Why Climate Change Matters to Black Lives

Climate change is both a global issue and an environmental justice issue that threatens people of color lives the most.

The same moral justifications that support the Department of Justice and its derivative the police institution, which permits the murder of Black and Brown people, also serves as the moral foundation for maintaining economic disparities, political disenfranchisement, environmental injustice and as a result climate change. If we want to stop killing of black people, we cannot only look at the direct killings, done by police officers we must also look at the slow, insidious killing of black people through environmental pollutants.

As with most things in this racist system, marginalized communities like people of color, migrants and poor people get the short end of the stick. (Poor) Black people are literally breathing different air than rich white people, the places with the lowest air quality and highest levels of toxins are also the places where the majority of minorities live due to the lower cost of living in these places. This is why Black people have the highest rates of asthma and why black woman have high rates of infant mortality. Although climate change is affecting the entire planet, as with everything else, black people are getting the worst of it. We have already seen this during Hurricane Katrina and Hurricane Sandy, where Black people were the last to be rescued from the wreckage, and with climate change these disasters are becoming more frequent. As natural disaster frequency increases, those with money and power will be able to protect their own, leaving marginalized communities to fend for themselves.

If Black Lives Matter as much as White lives, we would have already done something about climate change. But it is not the elite and privileged in the USA, England or Germany who is already being affected by climate change but black and brown lives throughout the rest of the world. Droughts have already caused thousands of preventable deaths in Africa, the monsoons are already drowning people in India, the decreased snow-pack is already causing shortages of freshwater in South America, the melting glaciers have already caused thousands of Indigenous people in the Arctic to be displaced and the rising tides have already risen over Pacific Islanders homes. The failure of the Global community to take action on climate change to stop these impacts tells us that those in power do not believe #BlackLivesMatter.

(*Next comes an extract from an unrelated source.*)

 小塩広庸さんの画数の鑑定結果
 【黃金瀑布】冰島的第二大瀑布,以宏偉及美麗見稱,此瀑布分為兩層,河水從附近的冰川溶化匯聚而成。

To oppose one part of the system, and in particular Police Brutality, without recognizing the larger superstructure that is maintained by racist ideologies will not serve to unhinge the system that oppresses us. This superstructure, just like police brutality, is hinged to capitalism, and capitalism, as Malcom X said, cannot exist without racism. Capitalism is an extension of colonialism, which entails the exploitation of both our people and the earth, dislocating and destroying the relationships countless peoples once had with the earth, and commodified both. The White Supremacist Ideology emerged with colonialism as the Europeans systematically exploited the labor of people of color; the Indigenous from the ‘Americas’ and the Black People stolen from the African continent to be enslaved. This is the ideology and system of justifications that has been transmitted to the contemporary corporations that continue to exploit the people and the earth. So, opposing police brutality and not the slow, insidious killing of black people through environmental pollutants is simply not enough.

Climate Change matters to Black Lives because we are the first ones impacted and the most impacted globally, and at its base are the core racist ideologies that have led us to challenge police brutality.